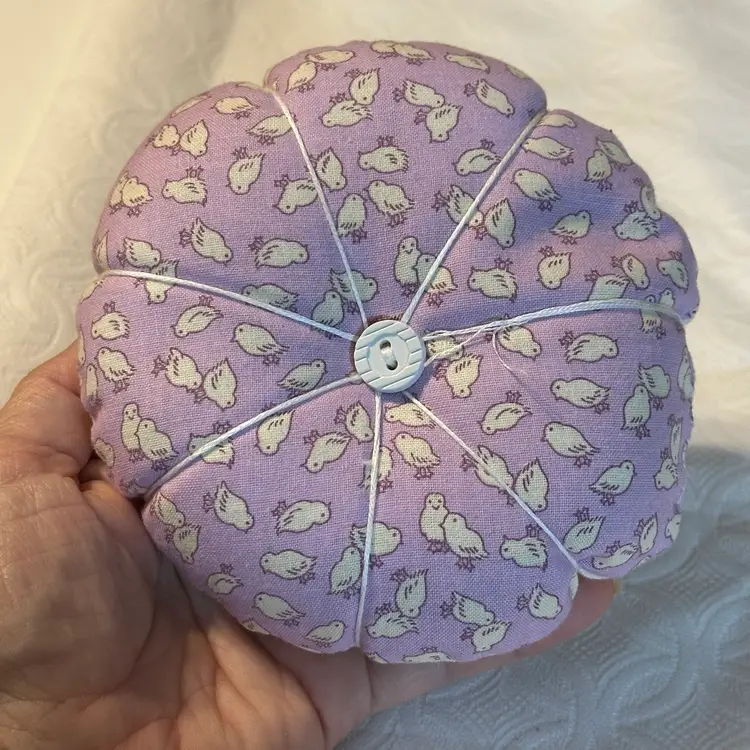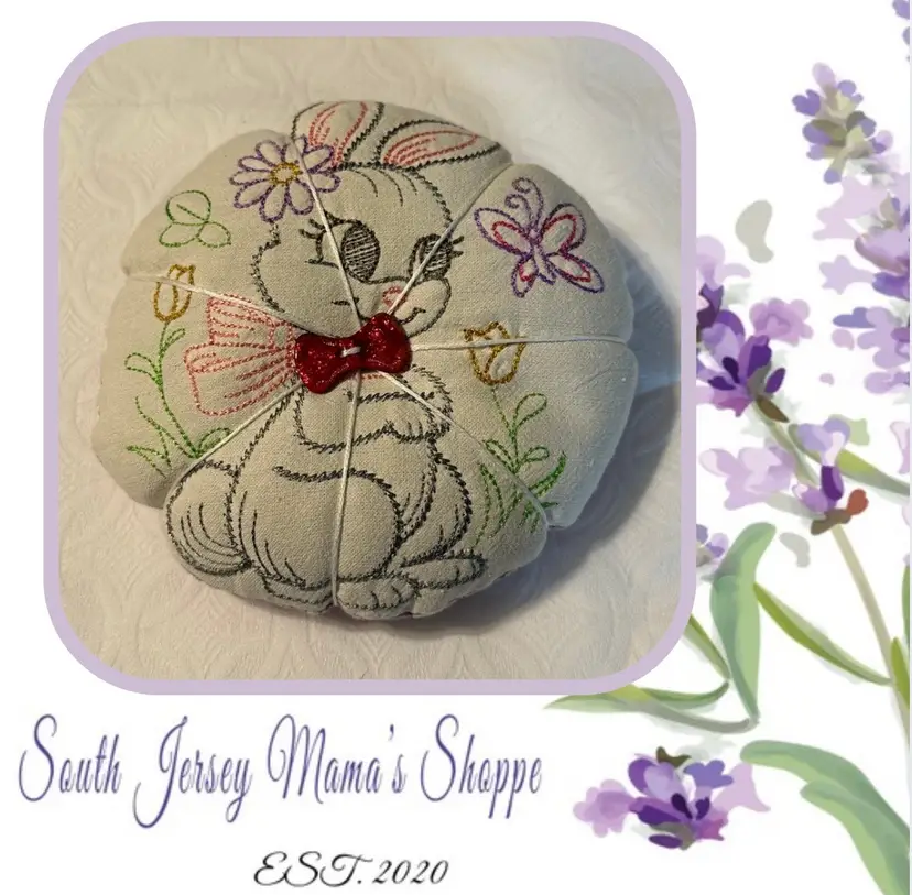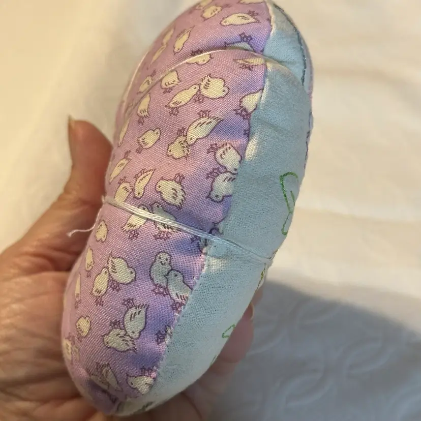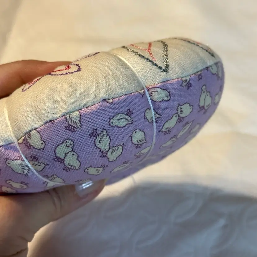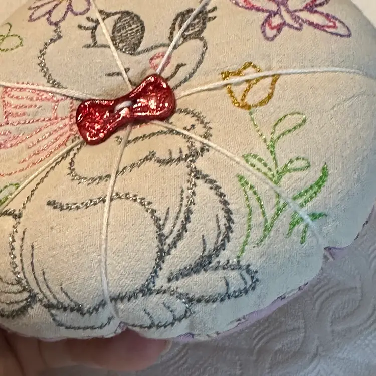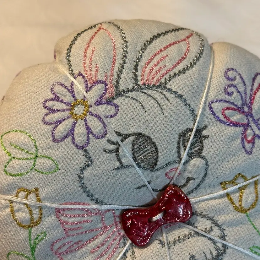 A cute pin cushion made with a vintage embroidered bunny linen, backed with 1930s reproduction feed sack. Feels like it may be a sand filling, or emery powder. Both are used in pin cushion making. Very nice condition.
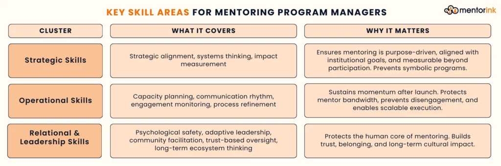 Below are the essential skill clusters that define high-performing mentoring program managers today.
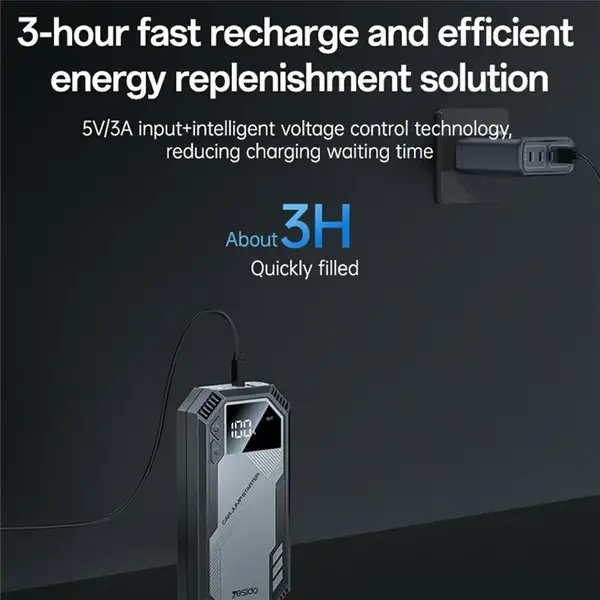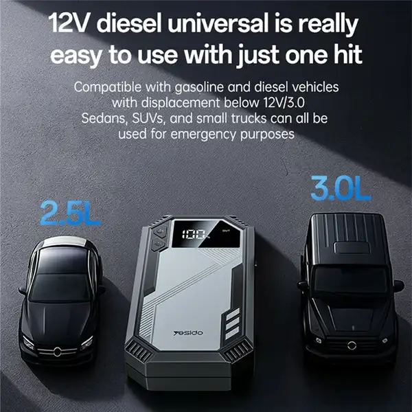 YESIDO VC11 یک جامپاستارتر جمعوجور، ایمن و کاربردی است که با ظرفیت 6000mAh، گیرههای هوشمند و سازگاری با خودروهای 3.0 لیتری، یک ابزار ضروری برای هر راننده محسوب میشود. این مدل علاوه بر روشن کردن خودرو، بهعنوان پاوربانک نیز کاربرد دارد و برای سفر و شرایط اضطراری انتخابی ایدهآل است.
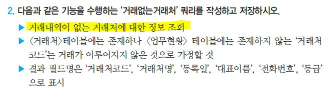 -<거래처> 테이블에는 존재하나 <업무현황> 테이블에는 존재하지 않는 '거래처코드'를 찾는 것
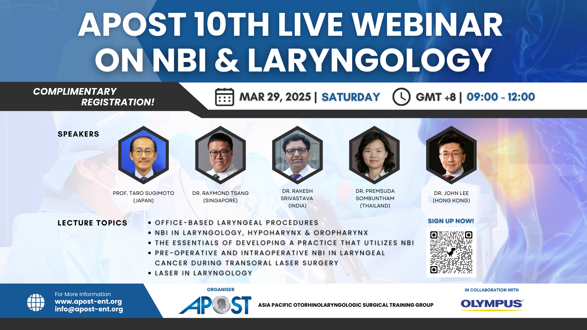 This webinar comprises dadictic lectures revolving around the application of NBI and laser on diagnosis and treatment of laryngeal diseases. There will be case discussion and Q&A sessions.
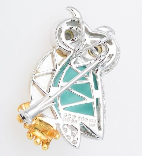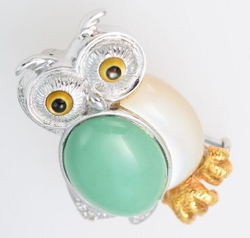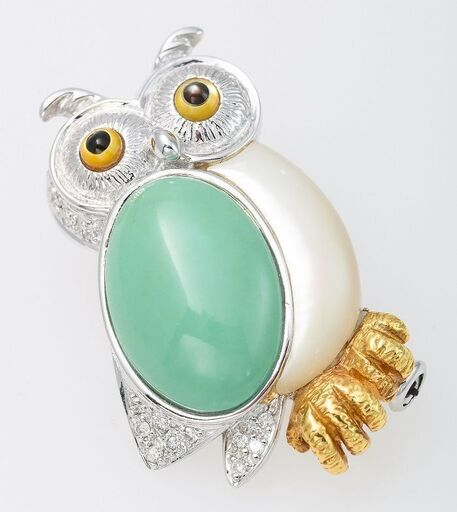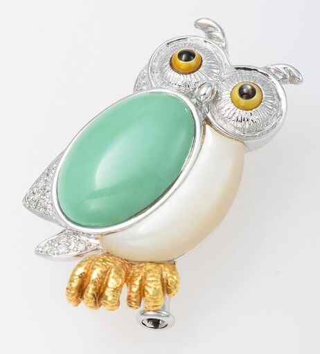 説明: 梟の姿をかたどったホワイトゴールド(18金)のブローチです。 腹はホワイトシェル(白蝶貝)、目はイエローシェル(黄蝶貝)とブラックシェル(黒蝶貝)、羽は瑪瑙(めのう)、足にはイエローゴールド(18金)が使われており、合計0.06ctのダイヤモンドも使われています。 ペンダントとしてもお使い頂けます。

..........

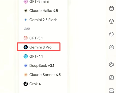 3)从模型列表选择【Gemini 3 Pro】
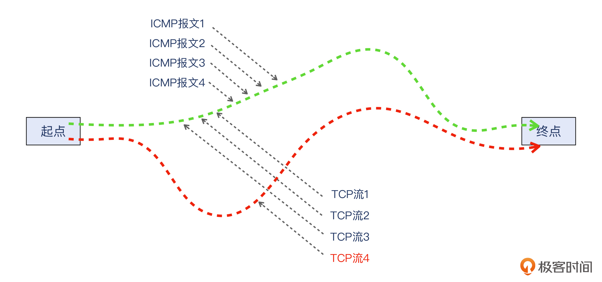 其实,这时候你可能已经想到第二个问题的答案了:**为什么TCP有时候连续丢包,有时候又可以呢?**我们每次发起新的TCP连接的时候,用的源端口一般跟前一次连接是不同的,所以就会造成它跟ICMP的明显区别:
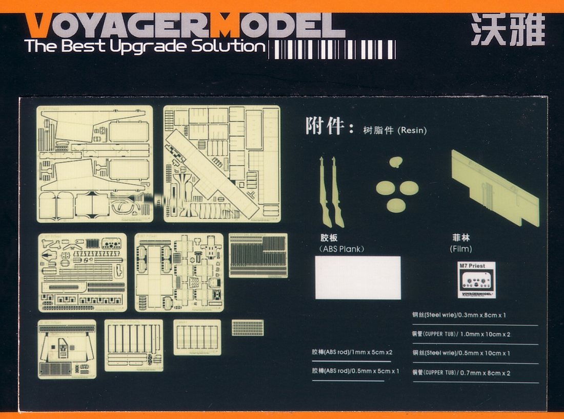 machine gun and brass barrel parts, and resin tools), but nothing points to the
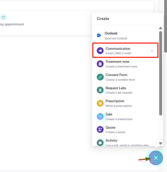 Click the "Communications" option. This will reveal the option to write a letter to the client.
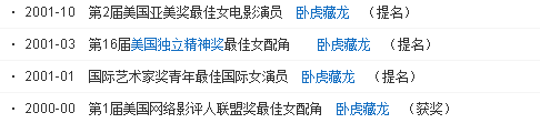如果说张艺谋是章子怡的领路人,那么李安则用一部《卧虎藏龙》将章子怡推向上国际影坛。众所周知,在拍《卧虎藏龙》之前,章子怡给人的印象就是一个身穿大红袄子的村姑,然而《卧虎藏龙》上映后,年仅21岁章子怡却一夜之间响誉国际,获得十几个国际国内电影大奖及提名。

..........

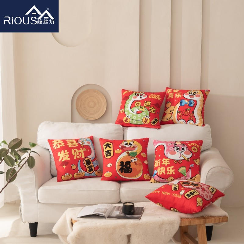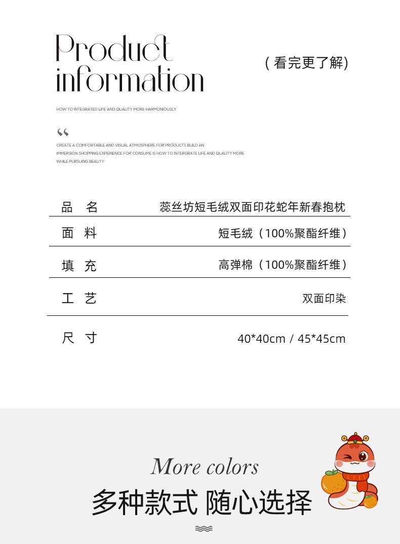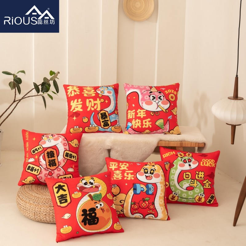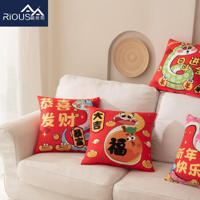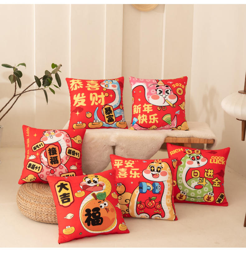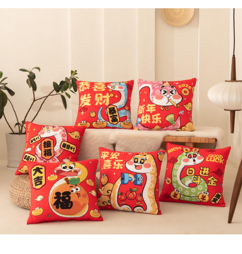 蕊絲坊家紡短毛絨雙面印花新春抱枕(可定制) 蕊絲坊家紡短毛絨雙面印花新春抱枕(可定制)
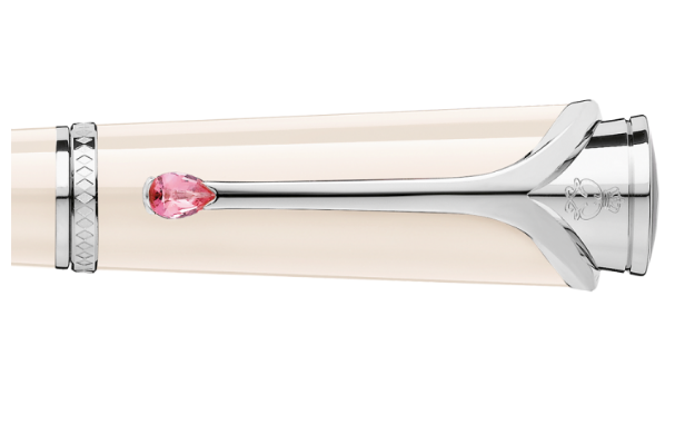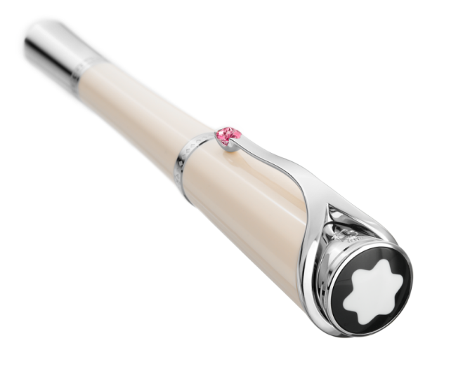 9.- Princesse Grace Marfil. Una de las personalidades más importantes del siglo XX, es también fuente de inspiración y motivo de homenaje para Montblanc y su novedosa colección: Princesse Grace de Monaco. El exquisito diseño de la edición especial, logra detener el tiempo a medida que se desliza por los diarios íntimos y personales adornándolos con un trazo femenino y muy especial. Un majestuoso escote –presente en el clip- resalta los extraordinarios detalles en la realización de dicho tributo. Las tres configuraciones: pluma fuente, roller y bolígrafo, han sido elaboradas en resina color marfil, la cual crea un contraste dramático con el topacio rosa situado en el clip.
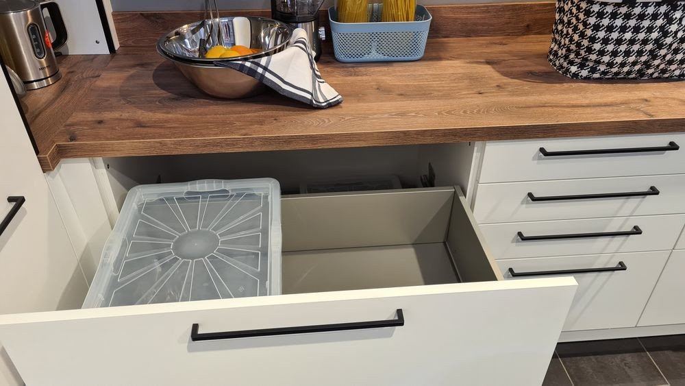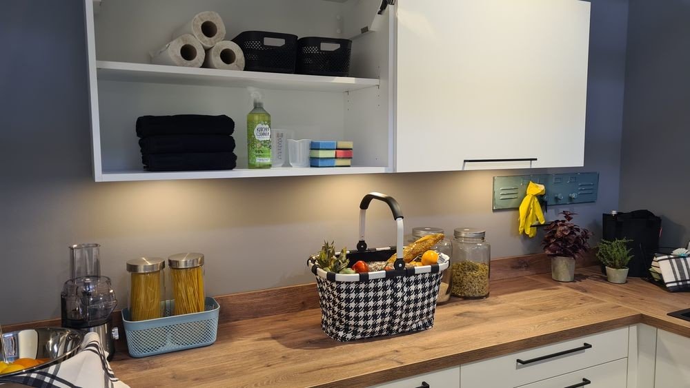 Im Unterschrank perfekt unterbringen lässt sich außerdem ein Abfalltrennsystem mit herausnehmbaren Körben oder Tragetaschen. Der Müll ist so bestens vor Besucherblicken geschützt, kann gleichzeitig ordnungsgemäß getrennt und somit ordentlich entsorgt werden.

..........

#### [Problem to solve]
Exact copy, pictures excluded: from the line with "其实,这时候你可能已经想到第" up to and including the line with "如果说张艺谋是章子怡的领路人" in the data above.

#### [Response box]
 其实,这时候你可能已经想到第二个问题的答案了:**为什么TCP有时候连续丢包,有时候又可以呢?**我们每次发起新的TCP连接的时候,用的源端口一般跟前一次连接是不同的,所以就会造成它跟ICMP的明显区别:
 machine gun and brass barrel parts, and resin tools), but nothing points to the
 Click the "Communications" option. This will reveal the option to write a letter to the client.
如果说张艺谋是章子怡的领路人,那么李安则用一部《卧虎藏龙》将章子怡推向上国际影坛。众所周知,在拍《卧虎藏龙》之前,章子怡给人的印象就是一个身穿大红袄子的村姑,然而《卧虎藏龙》上映后,年仅21岁章子怡却一夜之间响誉国际,获得十几个国际国内电影大奖及提名。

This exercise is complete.